Aunque el Islam permitió los botines como el derecho del vencedor de acuerdo con la práctica seguida en las guerras siglos antes de su llegada, los musulmanes no estaban ansiosos por conquistar las propiedades de otros, dada la devolución del botín en varias situaciones históricas, especialmente durante la vida del Profeta Muhammad. Los musulmanes no lucharon por los botines sino para defenderse y llamar a Dios y al Islam.

Por ejemplo, el Profeta Muhammad devolvió a Malik ibn ‘Awf, jefe de la tribu Hawazin, sus parientes capturados y su propiedad. Además, le dio cien camellos y lo mantuvo como jefe de su pueblo tras la derrota de Malik por los musulmanes a raíz de la batalla de Hunayn.

Ibn Ishaq narró:

El Mensajero de Dios le preguntó a la delegación de Hawazin acerca de Malik ibn Awf: «¿Qué hizo él?» Ellos respondieron: «Él está en Al-Taif con la tribu Zaqif». Sugirió: «Dile que si viene a mí, como musulmán, le devolveré su parentela y sus bienes y, además, le daré cien camellos». Cuando le contaron eso a Malik, se escabulló de la tribu Zaqif y se dirigió al Mensajero de Dios en Al -Ju`ranah o Meca, donde abrazó el Islam y se convirtió en un buen musulmán. Entonces, el Profeta le devolvió a su familia y propiedad. Cuando le dio cien camellos, Malik ibn Awaf improvisó los siguientes versos poéticos:

Nunca he visto o escuchado sobre alguien como Muhammad.

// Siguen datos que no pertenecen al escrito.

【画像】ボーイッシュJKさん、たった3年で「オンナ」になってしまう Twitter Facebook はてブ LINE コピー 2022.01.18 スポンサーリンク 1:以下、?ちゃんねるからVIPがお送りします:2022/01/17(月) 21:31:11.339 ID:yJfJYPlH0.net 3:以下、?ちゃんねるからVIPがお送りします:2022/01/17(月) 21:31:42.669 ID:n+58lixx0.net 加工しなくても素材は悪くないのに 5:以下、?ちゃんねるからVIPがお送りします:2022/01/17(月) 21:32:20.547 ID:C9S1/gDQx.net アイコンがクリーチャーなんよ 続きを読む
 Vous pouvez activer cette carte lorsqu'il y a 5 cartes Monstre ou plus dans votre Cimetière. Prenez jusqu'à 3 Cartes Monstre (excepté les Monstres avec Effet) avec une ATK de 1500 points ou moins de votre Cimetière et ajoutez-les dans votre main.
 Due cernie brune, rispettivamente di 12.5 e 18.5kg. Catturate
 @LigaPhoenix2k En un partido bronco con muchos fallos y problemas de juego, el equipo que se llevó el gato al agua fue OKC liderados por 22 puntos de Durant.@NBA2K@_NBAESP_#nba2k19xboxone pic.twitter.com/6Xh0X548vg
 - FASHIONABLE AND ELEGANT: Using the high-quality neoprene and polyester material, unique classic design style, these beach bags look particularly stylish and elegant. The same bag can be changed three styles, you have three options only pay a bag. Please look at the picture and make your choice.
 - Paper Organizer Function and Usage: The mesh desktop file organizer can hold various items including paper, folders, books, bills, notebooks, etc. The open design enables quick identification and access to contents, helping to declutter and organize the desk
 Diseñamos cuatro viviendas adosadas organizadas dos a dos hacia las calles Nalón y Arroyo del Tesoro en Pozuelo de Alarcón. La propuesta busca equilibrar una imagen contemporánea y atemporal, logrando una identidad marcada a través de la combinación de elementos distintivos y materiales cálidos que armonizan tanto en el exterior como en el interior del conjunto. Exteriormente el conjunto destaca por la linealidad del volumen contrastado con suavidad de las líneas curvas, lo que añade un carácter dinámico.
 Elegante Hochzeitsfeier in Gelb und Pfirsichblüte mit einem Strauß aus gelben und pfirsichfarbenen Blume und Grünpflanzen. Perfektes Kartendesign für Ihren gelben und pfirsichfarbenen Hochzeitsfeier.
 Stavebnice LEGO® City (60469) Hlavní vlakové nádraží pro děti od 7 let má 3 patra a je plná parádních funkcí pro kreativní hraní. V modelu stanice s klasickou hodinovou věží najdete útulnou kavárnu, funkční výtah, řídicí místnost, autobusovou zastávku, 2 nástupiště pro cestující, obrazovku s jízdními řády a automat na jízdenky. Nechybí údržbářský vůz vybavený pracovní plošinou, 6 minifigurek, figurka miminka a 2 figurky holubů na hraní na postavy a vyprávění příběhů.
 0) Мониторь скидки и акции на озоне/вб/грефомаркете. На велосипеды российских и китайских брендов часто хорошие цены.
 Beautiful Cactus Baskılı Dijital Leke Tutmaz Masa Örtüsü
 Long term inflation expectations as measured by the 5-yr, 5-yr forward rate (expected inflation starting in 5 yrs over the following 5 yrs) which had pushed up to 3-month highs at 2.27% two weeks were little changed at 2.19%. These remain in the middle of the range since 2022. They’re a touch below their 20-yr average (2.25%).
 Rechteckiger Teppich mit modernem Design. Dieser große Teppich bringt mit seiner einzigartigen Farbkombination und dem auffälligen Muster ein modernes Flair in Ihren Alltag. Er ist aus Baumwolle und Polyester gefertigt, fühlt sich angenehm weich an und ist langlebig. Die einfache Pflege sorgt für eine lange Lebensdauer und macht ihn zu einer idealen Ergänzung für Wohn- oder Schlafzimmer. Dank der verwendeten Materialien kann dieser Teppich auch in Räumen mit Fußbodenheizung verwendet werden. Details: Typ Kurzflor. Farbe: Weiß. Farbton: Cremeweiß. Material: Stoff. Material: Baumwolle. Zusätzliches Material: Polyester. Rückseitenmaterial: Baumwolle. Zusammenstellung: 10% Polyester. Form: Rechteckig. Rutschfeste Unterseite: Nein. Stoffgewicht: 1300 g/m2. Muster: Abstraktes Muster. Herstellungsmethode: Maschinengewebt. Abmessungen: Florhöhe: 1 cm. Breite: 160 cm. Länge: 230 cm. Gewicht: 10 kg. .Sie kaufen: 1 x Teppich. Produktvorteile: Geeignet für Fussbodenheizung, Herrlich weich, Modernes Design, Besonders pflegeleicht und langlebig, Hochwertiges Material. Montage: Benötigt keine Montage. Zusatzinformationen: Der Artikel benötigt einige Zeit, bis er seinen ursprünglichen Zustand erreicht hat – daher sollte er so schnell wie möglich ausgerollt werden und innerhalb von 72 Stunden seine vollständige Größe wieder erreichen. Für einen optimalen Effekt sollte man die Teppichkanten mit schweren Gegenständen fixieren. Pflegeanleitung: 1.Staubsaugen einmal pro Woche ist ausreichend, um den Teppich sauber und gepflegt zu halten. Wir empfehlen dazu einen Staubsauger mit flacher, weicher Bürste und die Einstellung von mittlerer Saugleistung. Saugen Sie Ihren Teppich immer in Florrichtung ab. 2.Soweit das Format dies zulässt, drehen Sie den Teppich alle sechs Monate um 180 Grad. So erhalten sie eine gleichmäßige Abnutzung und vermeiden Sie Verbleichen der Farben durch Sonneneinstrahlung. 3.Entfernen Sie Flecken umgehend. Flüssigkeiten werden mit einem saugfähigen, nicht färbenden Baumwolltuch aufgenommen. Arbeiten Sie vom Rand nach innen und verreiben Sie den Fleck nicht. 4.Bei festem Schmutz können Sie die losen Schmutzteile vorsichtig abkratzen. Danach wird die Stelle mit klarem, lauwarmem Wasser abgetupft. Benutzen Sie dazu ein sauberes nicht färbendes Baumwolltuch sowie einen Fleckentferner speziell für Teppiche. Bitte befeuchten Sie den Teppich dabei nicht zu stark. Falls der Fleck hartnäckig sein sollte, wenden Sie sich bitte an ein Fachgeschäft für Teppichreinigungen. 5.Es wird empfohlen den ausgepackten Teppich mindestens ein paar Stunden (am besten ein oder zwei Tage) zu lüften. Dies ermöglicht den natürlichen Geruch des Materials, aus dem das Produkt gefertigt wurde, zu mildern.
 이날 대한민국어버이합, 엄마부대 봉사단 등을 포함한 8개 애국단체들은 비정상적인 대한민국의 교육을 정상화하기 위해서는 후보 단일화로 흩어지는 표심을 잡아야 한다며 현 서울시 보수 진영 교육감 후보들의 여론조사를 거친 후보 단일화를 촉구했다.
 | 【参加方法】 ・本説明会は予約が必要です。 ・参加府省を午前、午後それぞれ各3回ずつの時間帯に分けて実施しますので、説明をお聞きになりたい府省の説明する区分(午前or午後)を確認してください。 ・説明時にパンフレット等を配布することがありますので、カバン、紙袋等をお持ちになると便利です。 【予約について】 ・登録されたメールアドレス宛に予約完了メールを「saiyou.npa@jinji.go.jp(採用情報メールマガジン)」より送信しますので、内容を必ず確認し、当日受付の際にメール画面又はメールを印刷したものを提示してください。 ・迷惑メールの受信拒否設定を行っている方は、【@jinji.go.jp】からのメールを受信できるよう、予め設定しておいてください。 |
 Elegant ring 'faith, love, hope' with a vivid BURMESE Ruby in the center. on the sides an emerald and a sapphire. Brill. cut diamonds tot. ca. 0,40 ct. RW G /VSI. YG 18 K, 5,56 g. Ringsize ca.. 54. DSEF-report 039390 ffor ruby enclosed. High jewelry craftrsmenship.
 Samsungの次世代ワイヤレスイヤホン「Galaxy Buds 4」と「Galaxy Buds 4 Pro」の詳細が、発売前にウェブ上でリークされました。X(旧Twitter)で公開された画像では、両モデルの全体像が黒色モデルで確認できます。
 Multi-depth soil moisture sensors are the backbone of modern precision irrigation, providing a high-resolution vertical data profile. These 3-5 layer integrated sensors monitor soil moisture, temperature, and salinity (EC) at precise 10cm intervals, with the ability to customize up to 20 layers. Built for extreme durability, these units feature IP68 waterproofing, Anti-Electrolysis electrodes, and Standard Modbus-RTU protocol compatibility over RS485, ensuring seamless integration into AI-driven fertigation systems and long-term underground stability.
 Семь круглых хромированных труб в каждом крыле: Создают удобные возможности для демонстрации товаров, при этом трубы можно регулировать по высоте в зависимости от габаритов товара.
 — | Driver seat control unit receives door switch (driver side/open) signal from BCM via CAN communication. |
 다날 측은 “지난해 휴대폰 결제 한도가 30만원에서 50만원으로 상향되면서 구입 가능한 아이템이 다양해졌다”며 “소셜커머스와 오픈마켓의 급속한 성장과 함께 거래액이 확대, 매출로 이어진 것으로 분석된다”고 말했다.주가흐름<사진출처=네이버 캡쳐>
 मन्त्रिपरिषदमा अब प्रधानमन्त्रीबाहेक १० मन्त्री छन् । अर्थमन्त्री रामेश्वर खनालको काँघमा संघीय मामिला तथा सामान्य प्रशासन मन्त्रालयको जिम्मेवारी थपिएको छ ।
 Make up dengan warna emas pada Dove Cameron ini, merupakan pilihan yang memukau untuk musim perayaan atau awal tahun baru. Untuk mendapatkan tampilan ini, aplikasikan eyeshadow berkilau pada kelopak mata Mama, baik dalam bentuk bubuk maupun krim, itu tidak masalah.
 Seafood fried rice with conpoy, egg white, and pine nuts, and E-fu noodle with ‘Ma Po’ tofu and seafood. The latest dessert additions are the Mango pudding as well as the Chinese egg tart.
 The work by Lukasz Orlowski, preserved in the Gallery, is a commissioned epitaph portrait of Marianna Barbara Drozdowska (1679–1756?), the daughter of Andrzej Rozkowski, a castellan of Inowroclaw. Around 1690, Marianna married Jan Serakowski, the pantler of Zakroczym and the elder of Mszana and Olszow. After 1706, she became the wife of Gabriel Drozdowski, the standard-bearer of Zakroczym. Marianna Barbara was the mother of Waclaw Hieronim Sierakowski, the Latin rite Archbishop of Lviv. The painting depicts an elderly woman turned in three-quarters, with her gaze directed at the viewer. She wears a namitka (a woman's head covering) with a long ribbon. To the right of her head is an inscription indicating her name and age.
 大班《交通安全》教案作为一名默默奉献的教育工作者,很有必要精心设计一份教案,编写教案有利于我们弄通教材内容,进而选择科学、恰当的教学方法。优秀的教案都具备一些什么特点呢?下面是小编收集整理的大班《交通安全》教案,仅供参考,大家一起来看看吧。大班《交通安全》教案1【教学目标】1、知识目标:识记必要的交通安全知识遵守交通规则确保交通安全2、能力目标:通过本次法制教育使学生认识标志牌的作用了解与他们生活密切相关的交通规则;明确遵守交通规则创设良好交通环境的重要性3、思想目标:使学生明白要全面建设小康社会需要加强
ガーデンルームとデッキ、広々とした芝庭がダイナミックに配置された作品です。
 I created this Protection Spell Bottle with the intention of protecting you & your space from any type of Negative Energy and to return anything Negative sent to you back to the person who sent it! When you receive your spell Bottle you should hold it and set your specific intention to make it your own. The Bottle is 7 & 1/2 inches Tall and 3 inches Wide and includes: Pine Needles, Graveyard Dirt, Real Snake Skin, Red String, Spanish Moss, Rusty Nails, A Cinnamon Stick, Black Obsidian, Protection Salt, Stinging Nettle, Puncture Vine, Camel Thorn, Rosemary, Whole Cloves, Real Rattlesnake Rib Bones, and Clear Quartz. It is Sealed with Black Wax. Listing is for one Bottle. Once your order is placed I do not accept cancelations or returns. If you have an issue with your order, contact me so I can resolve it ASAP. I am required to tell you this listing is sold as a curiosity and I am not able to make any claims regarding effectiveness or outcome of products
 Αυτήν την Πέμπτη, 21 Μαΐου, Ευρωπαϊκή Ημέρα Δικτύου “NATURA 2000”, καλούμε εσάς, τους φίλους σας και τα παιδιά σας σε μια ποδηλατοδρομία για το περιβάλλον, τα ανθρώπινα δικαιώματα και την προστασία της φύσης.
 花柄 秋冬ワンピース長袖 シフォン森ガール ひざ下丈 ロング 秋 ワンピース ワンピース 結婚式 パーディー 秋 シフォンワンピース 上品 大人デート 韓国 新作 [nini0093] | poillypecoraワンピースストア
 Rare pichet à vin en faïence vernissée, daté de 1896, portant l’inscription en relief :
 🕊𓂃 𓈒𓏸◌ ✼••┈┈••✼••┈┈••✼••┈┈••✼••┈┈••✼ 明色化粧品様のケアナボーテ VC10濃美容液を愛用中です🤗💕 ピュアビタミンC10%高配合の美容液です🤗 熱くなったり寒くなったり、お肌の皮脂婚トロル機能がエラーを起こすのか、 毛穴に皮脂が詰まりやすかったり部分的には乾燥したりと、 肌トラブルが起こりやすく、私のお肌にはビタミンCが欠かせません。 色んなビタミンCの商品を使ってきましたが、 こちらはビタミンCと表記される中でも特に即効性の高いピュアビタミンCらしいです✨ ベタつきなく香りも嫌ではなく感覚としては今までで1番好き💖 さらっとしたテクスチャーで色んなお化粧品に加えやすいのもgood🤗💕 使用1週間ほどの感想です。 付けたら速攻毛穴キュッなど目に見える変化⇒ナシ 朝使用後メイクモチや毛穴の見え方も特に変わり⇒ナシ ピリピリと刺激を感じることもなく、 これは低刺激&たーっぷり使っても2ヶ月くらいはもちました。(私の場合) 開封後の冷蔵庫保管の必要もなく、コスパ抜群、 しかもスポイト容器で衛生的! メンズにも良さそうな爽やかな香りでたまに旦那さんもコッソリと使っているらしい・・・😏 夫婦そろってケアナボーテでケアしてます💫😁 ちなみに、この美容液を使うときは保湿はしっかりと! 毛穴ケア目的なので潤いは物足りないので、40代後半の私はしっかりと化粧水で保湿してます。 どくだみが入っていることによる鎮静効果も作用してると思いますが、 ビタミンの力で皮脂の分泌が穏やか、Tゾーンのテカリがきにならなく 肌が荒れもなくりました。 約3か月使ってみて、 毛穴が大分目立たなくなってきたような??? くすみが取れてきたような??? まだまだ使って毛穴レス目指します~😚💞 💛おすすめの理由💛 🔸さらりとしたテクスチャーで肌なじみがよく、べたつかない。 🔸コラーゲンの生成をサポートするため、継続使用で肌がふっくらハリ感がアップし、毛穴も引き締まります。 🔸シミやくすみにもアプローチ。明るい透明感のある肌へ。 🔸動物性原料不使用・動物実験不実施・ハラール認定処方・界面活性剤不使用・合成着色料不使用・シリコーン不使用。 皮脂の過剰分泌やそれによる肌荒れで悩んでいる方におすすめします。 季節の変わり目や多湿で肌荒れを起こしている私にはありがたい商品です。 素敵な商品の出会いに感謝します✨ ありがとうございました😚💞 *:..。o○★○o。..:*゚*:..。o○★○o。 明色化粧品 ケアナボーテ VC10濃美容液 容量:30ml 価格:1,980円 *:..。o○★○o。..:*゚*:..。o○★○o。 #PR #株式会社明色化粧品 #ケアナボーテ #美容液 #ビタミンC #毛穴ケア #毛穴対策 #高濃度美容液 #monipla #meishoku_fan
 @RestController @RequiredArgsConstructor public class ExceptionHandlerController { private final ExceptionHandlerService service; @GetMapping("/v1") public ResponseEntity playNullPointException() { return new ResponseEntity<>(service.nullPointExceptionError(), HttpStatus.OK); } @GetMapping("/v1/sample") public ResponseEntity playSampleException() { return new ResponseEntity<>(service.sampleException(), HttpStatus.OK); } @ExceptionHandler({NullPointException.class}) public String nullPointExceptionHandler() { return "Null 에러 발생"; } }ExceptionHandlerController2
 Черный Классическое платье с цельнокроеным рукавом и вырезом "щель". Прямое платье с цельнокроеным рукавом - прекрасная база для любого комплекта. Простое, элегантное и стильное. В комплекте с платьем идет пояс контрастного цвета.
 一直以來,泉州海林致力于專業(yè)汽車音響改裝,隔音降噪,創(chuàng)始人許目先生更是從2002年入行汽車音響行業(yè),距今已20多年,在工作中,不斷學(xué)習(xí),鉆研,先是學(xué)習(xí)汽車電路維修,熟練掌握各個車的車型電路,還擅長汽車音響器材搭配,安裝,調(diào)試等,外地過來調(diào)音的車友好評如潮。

Le dio profusamente al mendigo cuando le pedía que le diera. Si lo deseas, él te informará sobre el mañana.

Botín, expolio y tributo, no saqueo

Para evitar malos entendidos, el Islam no permitió el pillaje y el saqueo consuetudinarios de la propiedad de los civiles y los inocentes a los que estaban acostumbrados los ejércitos.

El Islam solo permitió el «botín», lo que significaba, en el sentido islámico, apoderarse de los efectos y la artillería de los guerreros que luchan contra los musulmanes en los campos de batalla, además de los suministros de los ejércitos que combaten a los musulmanes.

En cuanto a los civiles, el Islam no permite saquear sus propiedades ni ultrajarlas. Tras la conquista de Meca, el estandarte de los Ansaris corrió a cargo de Sa’ad ibn `Ubadah. Cuando pasó por Abu Sufyan, se burló: «Hoy será un día de carnicería. Hoy, la santidad será violada. Hoy, Dios deshonrará a los Quraysh «.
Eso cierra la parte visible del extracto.